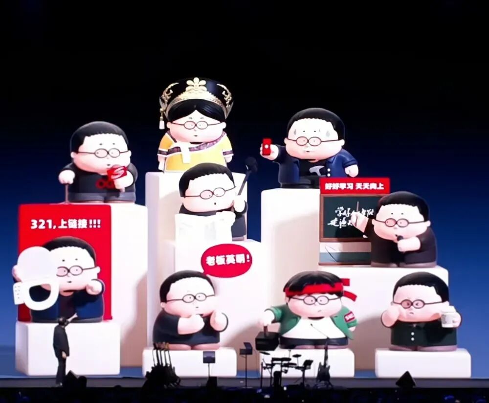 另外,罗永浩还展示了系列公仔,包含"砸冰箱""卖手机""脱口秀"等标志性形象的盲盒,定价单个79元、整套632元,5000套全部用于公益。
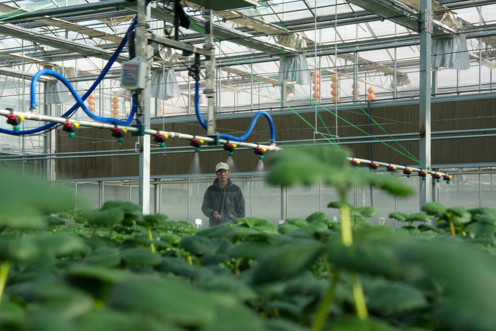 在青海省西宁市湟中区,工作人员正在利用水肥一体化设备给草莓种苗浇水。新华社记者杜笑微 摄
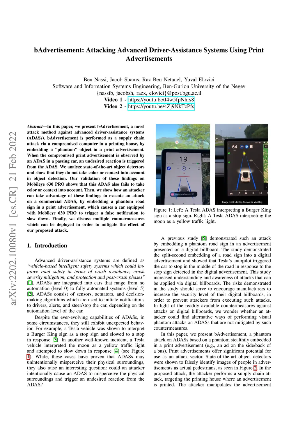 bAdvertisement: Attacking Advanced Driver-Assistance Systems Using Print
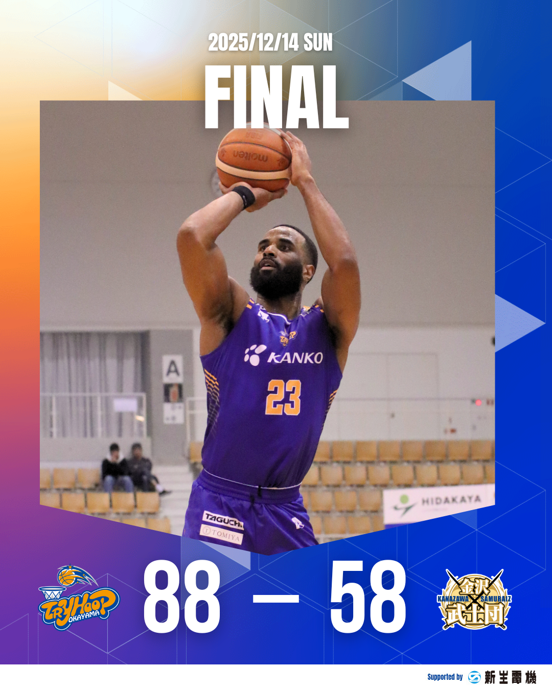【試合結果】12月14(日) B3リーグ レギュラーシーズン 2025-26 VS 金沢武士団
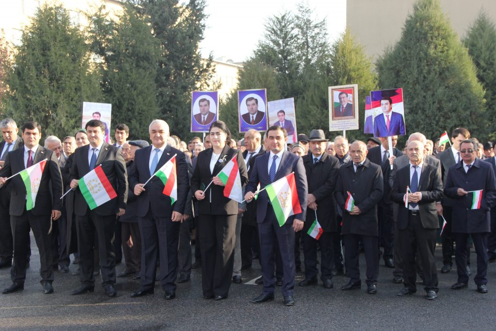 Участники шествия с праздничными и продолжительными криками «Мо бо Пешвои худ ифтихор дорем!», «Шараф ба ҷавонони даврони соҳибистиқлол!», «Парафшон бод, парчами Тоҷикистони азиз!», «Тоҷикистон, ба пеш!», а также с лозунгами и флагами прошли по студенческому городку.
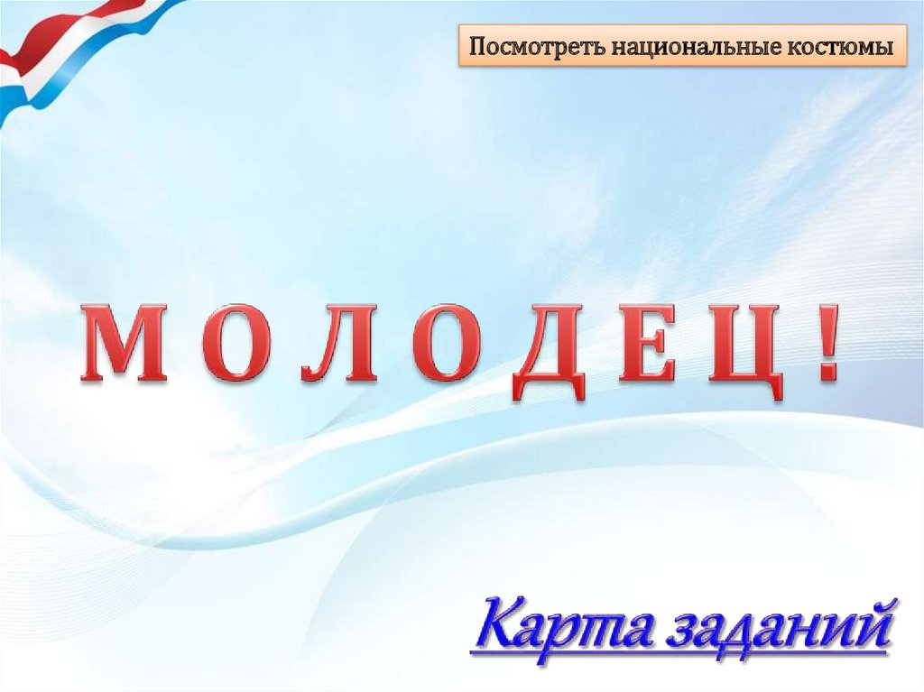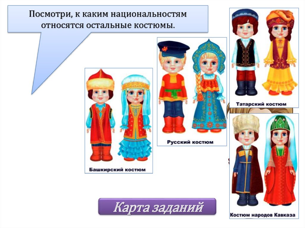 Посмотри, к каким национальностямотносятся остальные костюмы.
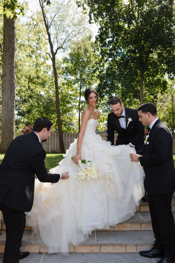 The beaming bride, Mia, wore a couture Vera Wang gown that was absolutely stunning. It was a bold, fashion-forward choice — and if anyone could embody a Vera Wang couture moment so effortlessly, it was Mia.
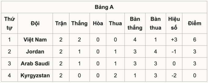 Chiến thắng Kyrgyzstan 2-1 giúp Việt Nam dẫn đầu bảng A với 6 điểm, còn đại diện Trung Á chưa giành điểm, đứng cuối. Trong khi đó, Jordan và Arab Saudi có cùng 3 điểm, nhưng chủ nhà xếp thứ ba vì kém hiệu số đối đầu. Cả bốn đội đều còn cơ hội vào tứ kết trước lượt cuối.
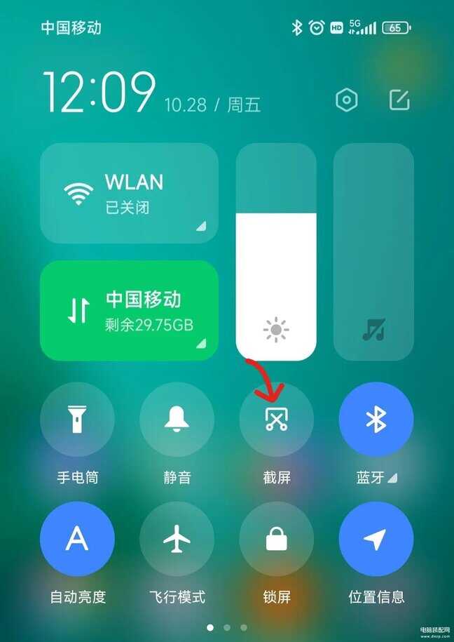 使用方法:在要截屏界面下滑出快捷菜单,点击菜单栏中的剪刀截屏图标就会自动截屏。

☆ ☆ ☆ ☆

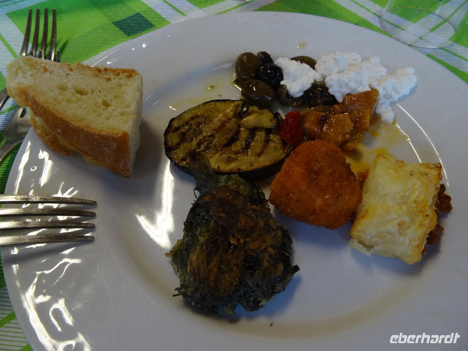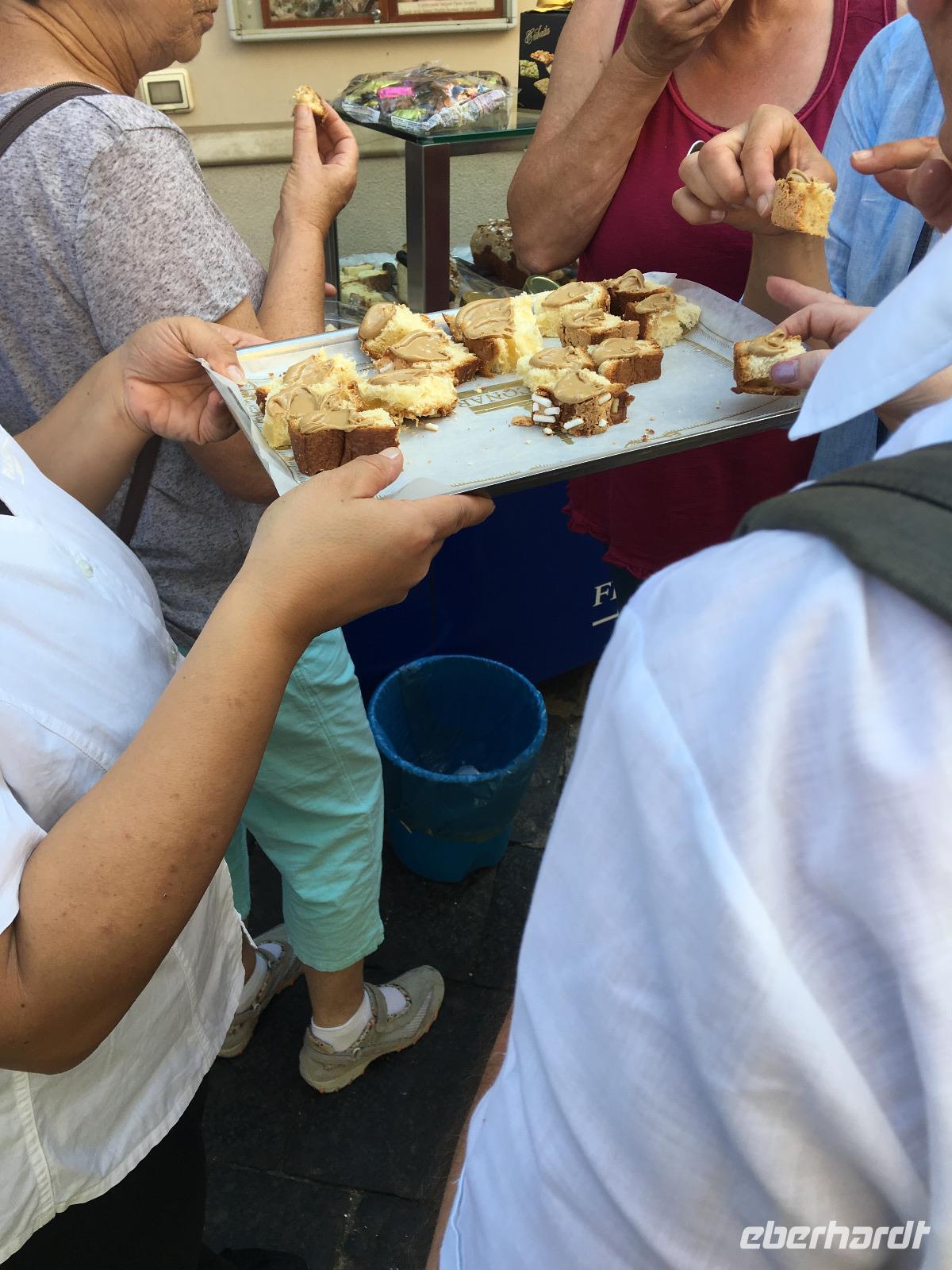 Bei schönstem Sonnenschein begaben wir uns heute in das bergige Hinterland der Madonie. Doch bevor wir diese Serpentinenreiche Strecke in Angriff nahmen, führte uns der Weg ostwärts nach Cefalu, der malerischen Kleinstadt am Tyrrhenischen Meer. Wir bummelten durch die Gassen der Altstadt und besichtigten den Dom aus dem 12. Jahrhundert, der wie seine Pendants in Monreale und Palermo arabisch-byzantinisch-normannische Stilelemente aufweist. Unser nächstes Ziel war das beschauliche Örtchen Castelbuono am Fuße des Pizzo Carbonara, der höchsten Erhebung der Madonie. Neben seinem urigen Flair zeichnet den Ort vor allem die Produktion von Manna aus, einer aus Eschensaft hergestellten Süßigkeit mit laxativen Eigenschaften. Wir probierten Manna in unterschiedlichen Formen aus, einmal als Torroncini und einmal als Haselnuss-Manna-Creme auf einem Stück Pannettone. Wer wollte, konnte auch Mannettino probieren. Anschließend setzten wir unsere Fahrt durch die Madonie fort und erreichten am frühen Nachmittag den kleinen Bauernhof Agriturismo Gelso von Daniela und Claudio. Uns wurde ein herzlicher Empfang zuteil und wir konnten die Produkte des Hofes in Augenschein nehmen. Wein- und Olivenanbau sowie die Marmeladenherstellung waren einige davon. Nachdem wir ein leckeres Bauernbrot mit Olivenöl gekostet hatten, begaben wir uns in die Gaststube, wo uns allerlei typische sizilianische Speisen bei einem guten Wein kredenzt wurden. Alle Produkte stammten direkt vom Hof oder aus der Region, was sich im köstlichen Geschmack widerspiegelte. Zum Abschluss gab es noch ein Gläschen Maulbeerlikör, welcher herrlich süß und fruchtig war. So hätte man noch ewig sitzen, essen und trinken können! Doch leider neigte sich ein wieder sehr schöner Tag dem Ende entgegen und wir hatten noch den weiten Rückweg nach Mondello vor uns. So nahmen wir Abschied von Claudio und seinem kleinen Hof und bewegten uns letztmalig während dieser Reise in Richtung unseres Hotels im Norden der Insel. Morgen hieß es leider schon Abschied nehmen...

☆ ☆ ☆ ☆

> **Directions**: With the pictures omitted, copy the entries above exactly from the line containing "Посмотри, к каким" through the line containing "The beaming bride, Mia, wore", both lines included.

> **Exercise solution**:
 Посмотри, к каким национальностямотносятся остальные костюмы.
 The beaming bride, Mia, wore a couture Vera Wang gown that was absolutely stunning. It was a bold, fashion-forward choice — and if anyone could embody a Vera Wang couture moment so effortlessly, it was Mia.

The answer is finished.